So, naming things well matters. Documentation matters! Concise blurbs that describe your fields and what your analysis should or should not be used for can go a long way to stem future misuse. And be careful what you share and how you share it.

I know a data scientist who wisely put big, fluorescent watermarks (“WARNING! DO NOT USE! NUMBERS NOT REAL!”) all over their preliminary results for this reason.

Hygiene Helps

Everyone knows someone with a very messy car. “Just move that trash out of the way,” they’ll say, as you brush aside a bag of extra napkins and fight for legroom with their guitar case.

“Oh, just toss ’em in the back.”
Photo by Per Lööv

I’m not judging that (glass houses and all), but you wouldn’t leave your rental car a mess.

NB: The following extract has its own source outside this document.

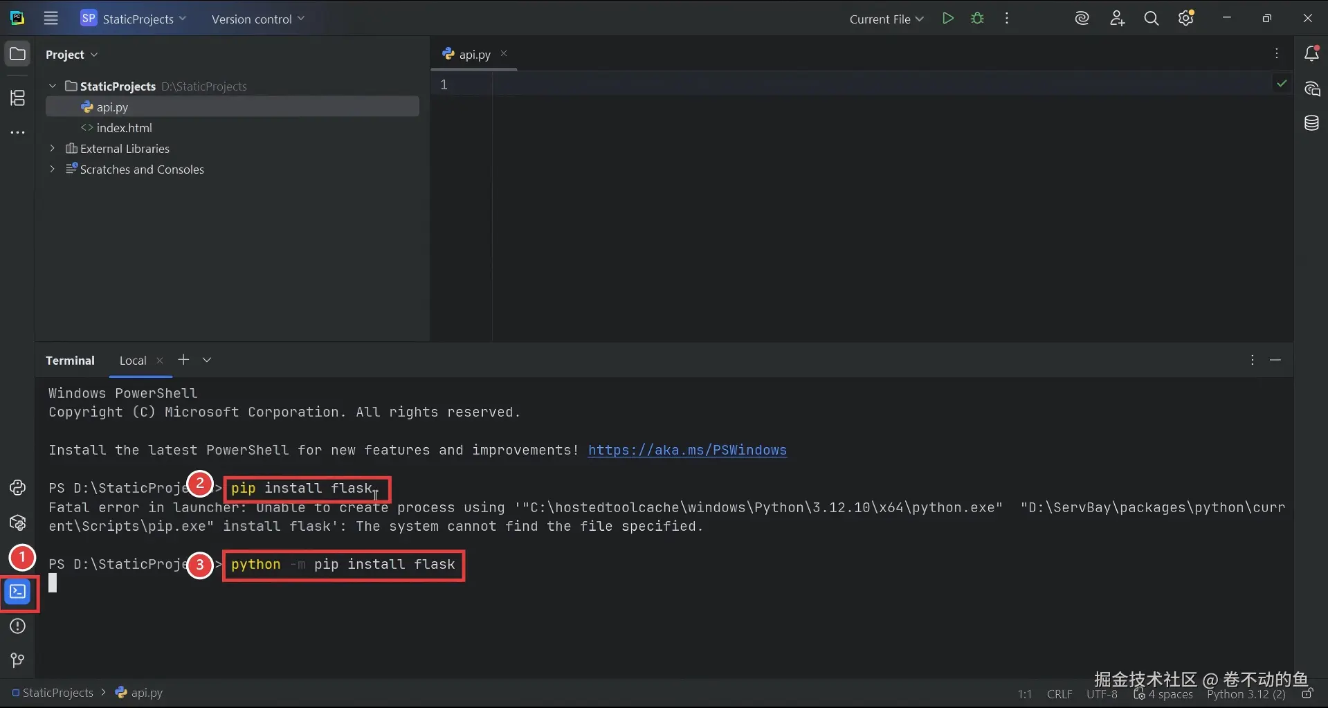 打开底部的 Terminal 终端,输入用来安装接口开发必备的 Flask 库命令。

So, if you’re sharing queries, prefix and alias your columns! “ID” is not a descriptive field name, and you will thank yourself for commenting your code – even briefly.

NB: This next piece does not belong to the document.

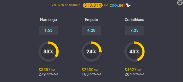 El OSO de Coolbet ya tiene listas las cuotas para este encuentro de la Copa Libertadores 2022, y dice que el favorito para el triunfo esta noche en la revancha es Flamengo, que paga 1,53 veces lo que juegues, sobre los 7,25 que paga Corinthians, y el empate paga 4,20 veces lo que apuestes.

If I write a query, the next person to use it will probably be future me, and my memory’s just not that good. Caitlin Hudon has a nifty blog post on this. Be kind to others; be kind to your future self.

Don’t Ignore the Obvious

Lugnuts fall off? Tail light out? Got wind that the business is about to swap an internal software system that also feeds reports that run the business? Consider the downstream implications and act. Inform the data team!

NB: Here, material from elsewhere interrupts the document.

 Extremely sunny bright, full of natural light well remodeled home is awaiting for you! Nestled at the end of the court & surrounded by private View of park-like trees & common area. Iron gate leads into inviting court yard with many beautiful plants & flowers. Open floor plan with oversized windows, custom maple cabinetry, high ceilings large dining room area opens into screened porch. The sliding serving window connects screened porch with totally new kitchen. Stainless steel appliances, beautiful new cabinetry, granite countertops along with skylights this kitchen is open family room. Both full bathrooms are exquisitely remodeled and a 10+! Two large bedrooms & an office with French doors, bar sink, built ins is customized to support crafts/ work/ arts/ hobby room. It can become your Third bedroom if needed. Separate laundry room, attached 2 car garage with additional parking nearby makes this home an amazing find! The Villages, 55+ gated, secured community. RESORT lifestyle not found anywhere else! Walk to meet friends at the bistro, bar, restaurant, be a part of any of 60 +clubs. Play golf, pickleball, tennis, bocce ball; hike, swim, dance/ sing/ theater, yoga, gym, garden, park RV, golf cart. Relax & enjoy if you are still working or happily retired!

The last thing you want is to ignore the check engine light for weeks, only to discover that your data went stale a month ago.

Photo by Marc Schäfer

My own driver’s ed teacher pitched her roomful of 16 year-olds with the snappy adage, “driving defensively prevents carelessness from causing carlessness.” I’m not as clever as her, so I’ll leave you with this:

Assume your data is drunk, and you’ll get from point A to point B safely.